From muthy.com.
Under pre-AC21 law, a person had to work for the sponsoring employer for a reasonable time after receiving the "green card" to avoid any potential future findings of fraud or misrepresentation. A reasonable time is a fact-specific matter, but many attorneys recommend a minimum of six months and preferably a year or longer. Therefore, it is best to make it clear exactly which employment offer formed the basis of the I-485 approval. In some cases, the BCIS may approve the I-485 either before receiving the information on the change in employers or before their mailroom processes that information. It is best to notify them upon switching employers so that the BCIS records will reflect their having received the appropriate documentation when the person files for citizenship.
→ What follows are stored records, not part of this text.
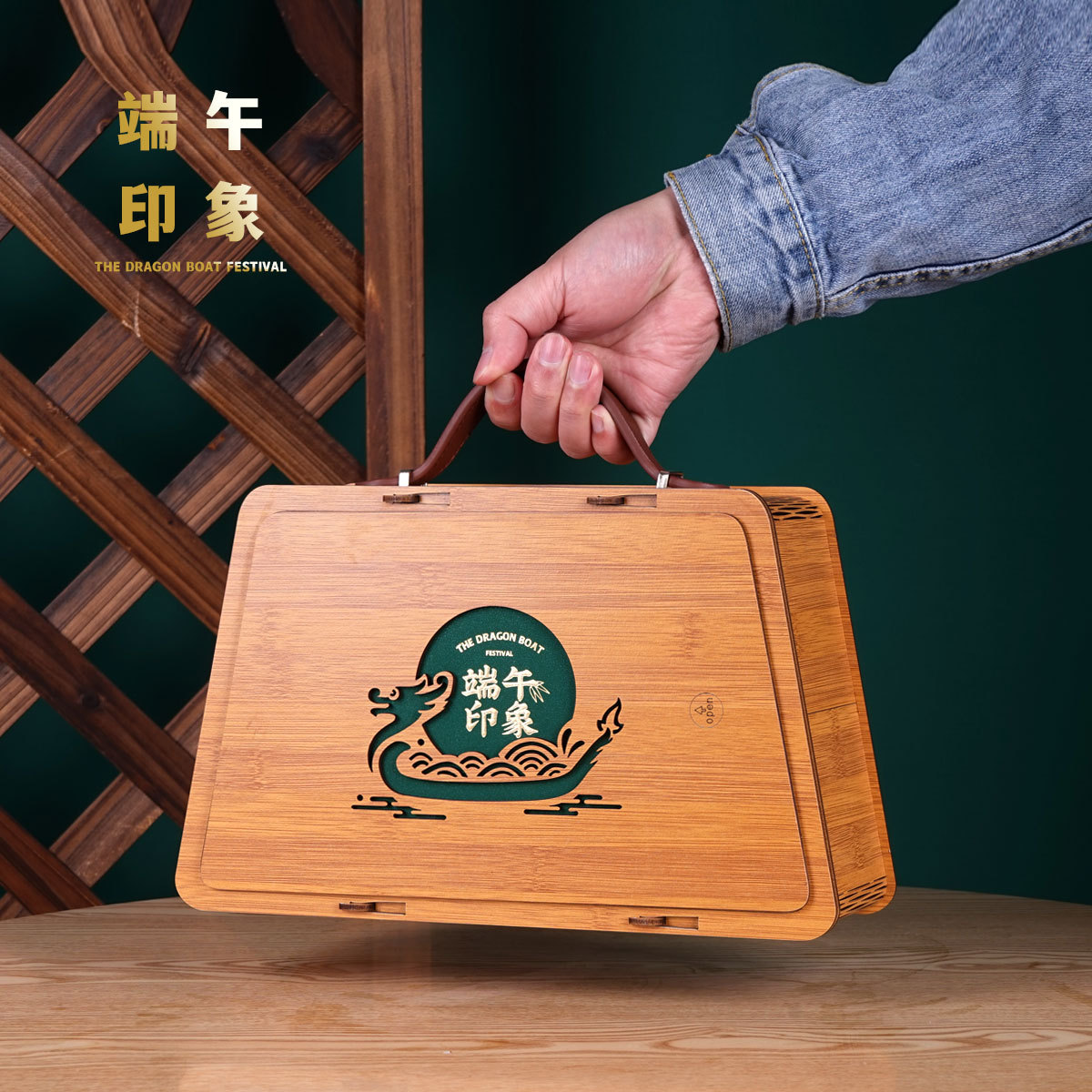 ちまきのギフトボックスの木の包装箱は竹の紋様の木の箱の創意の簡単なホテルの端午の節句の贈り物の箱の卸売りに似せます。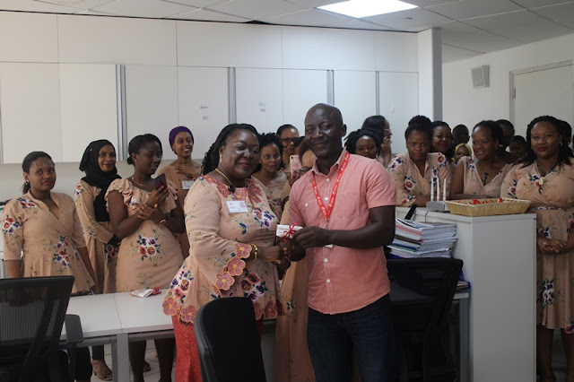Airtel Divas Meneja uhusiano Airtel Bi, Dangio Kaniki akitoa zawadi kwa Edward Mtingwa kwa lengo la kuwashukuru wanaume wote wanaofanya kazi nao. ‘Airtel Divas’ leo wameadhimisha siku ya wanawake Duniani yenye kauli mbiu ‘Balance for better’ kwa kutoa shukrani kw wanaume wote. Siku ya wanawake huadhimishwa kila mwaka tarehe 08 Machi ikiwa na lengo la kutambua mchango wa wanawake katika jamii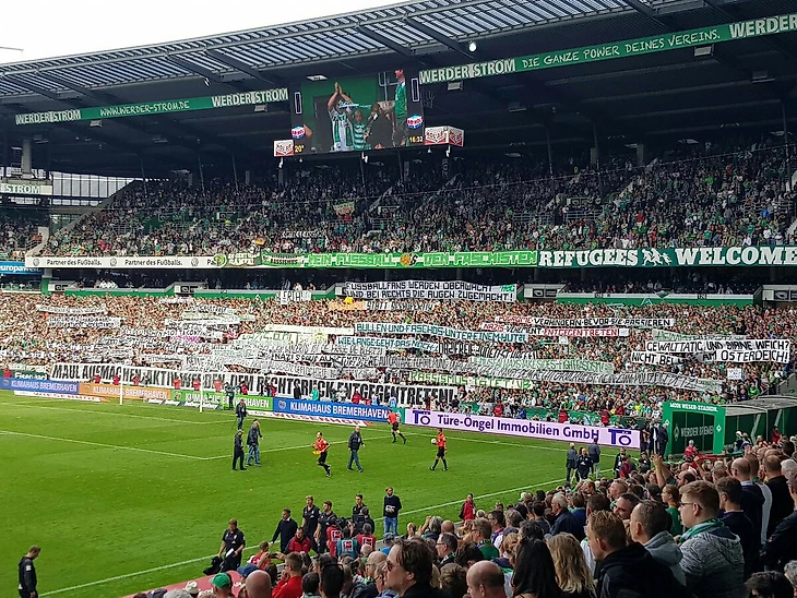 Фанаты «Вердера» тоже продемонстрировали свое неприятие расизма: «Против фашизма», «Добро пожаловать, беженцы», «Расизм убивает»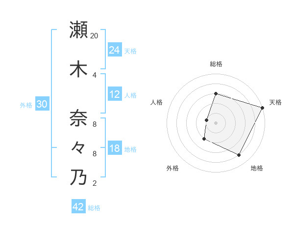 瀬木 奈々乃さんを姓名の画数から五運を鑑定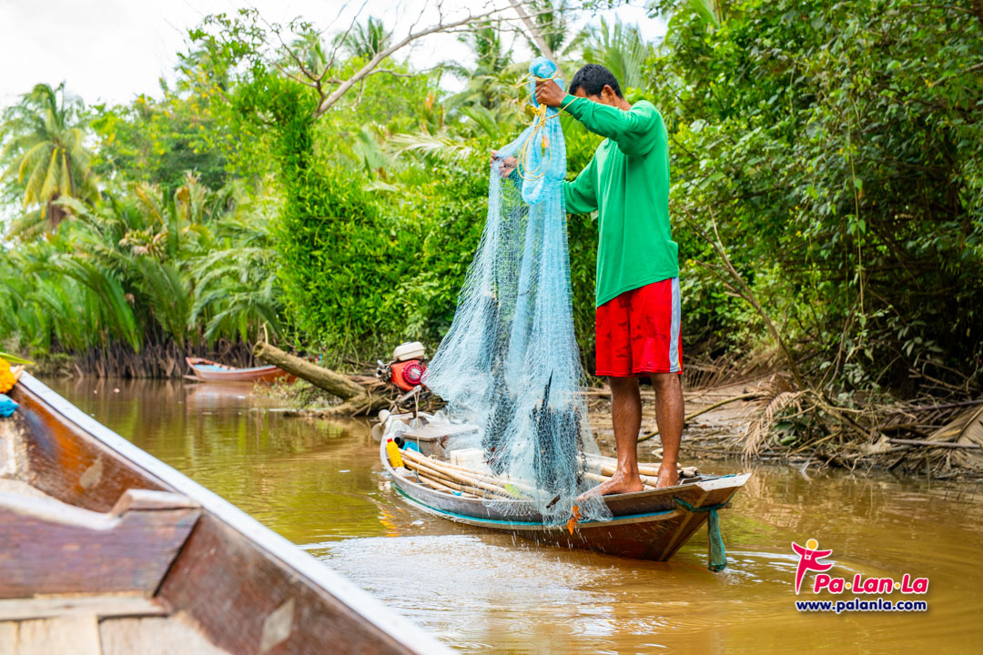 ชาวบ้านหว่านแหในคลอง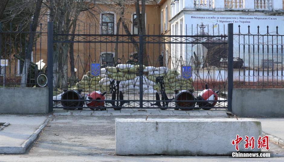 3月18日,位于克里米亚首府辛菲罗波尔市中心的乌克兰军营防守严密。正门后有铁丝网、铁锚等,再后有沙袋掩体。中新社发 王修君 摄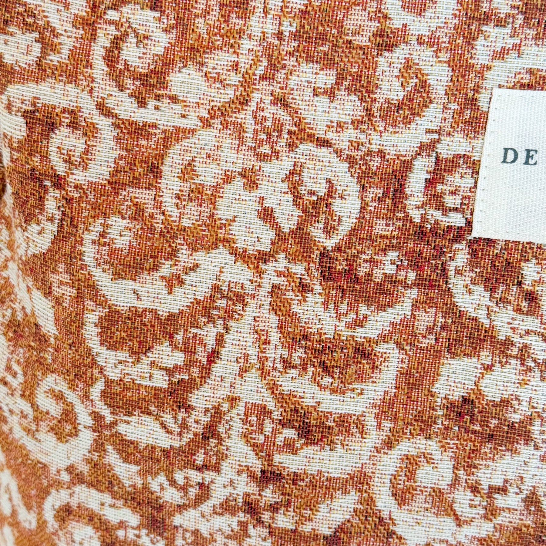 Sac de taille moyenne avec fermeture éclair sur le dessus et bandoulières. Poches latérales. Confectionné en tissu jacquard épais à imprimé géométrique terracotta. Pour un entretien optimal, nous recommandons le lavage à la main à l'eau froide et l'utilisation d'un sèche-linge.

Failure to notify the BCIS of a change in employer may, at the very least, cause confusion in the future if the case is ever reviewed. In other instances, it may be deemed as fraudulent not to notify the BCIS. This review could happen if the person has any inappropriate immigration or criminal involvement. For law-abiding individuals, the case will be reviewed if the person seeks to naturalize to U.S. citizenship. In order to naturalize, the green card must be obtained in a legitimate manner. For employment-based green cards, the length of employment with the sponsor following green card approval is important in the BCIS determination of whether the approval was properly issued. We still do not know how AC21 has modified the pre-AC21 law in this regard but it makes sense that there must be some leeway.